Los datos terminan teniendo el mismo destino de las cosas acumuladas por años en un cuarto
Entre las habilidades que aprendemos por cuenta propia, por no decir que desarrollamos instintivamente, se encuentra la propensión a acumular cosas. Basta revisar en las esquinas de cualquier casa para descubrir montones de libros, botellas, latas, prendas de ropa, envases o cualquier otro objeto que soporte estar por años en el mismo sitio. Ni hablar de aquellos oficios como la plomería, la mecánica automotriz o la carpintería: sus practicantes siempre tienen un depósito de piezas reemplazadas, que algún día harán volver al ruedo; y quienes consumen información en estos tiempos digitales no se quedan atrás, también pueden ser acumuladores.
Los datos electrónicos son unos de los bienes que con mayor facilidad podemos guardar, guardar y guardar. Decir que una computadora tiene 2 terabytes no significa mayor cosa para muchos de nosotros. En cambio, si nos dicen que tenemos 150.000 canciones almacenadas en ese equipo, nos cambia la perspectiva. Es mucho, pero ni siquiera nos damos cuenta de semejante volumen, porque vamos almacenando sin mediar mayor razonamiento. Eso estimula formidablemente la adicción por acumular.
Si se necesitan pruebas de esta compulsión, podemos revisar nuestros teléfonos inteligentes.

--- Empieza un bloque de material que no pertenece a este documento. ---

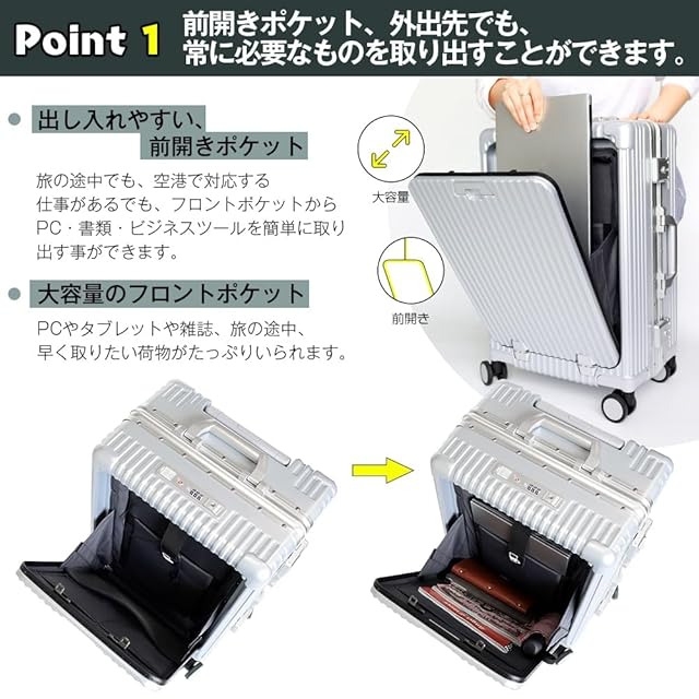 【新型前開きスーツケース登場、充電ポートも付いている、便利性が高め!】スーツケースにて画期的なデザイン、前ポッケトスーツケースが誕生。読みたい雑誌でも、仕事で必要なパソコンでも、早く手に取りたいものがたっぷり入られます。更に、スーツケースにて2種類充電ポートが(USB+Type-C)搭載しており、各機種に対応でき、旅先に充電切れの心配がありません!モバイルバッテリーを出し必要もありません、歩いながらスマホを充電することができます。*注意:スーツケースにモバイルバッテリーが用意しておりません。ご自分で用意します。

Conseguiremos fotos, audios y videos que ni siquiera recordamos tener. Una mención especial merecen los archivos provenientes de WhatsApp. Desde la foto de la tubería rota de la comunidad hasta las imágenes perdidas de algún acto escolar duermen el sueño eterno digital en nuestros dispositivos. Razones sobran para justificar su permanencia e incluyen nuestra falta de interés por limpiar el espacio de almacenamiento, el temor a perder esa información porque “algún día hará falta” y la dinámica de un mundo dedicado a bombardearnos de información.
Otra plataforma que parece un escaparate a punto de estallar es nuestro correo electrónico. Acá pasa lo mismo que en el caso del teléfono inteligente, con un ingrediente adicional: muchas veces se consideran mensajes importantes para el futuro de cualquier trámite. Si hurgamos un ratico en nuestras cuentas, veremos algún mensaje con un comprobante de pago, una clave o un código que ya no necesitamos, pero siempre será mejor guardarlo para prevenir y jamás lamentar. Esta obsesión, sin embargo, nos puede salvar en algunos casos. Abundan los testimonios de fe en la bandeja de entrada cuando nos urge conseguir la foto de nuestro documento de identidad o cualquier constancia.
Esos momentos milagrosos, sin embargo, no ocurren con las redes sociales. Adictivas y masivas, estas plataformas se convierten en poderosos reservorios de información cuyo valor muchas veces olvidamos. Entre publicar contenidos, marcar “Me gusta” y darle al “Marcador” para guardar publicaciones, desarrollamos nuestro hábito acumulador. ¿Lo peor? Nuestro interés por estos posts casi siempre muere luego de habernos prometido volver a ellos.
En todo caso, los datos terminan teniendo el mismo destino de las cosas acumuladas por años en un cuarto. Están ahí, sin uso ni propósito, a merced de nuestra descuidada memoria o el desespero provocado por un aprieto. En un mundo donde sobreabunda la información, confiamos en la buena suerte de internet para retener aquellos que no nos preocupamos por recordar. Qué desafío enfrenta la memoria —individual y colectiva– entre acumuladores de información.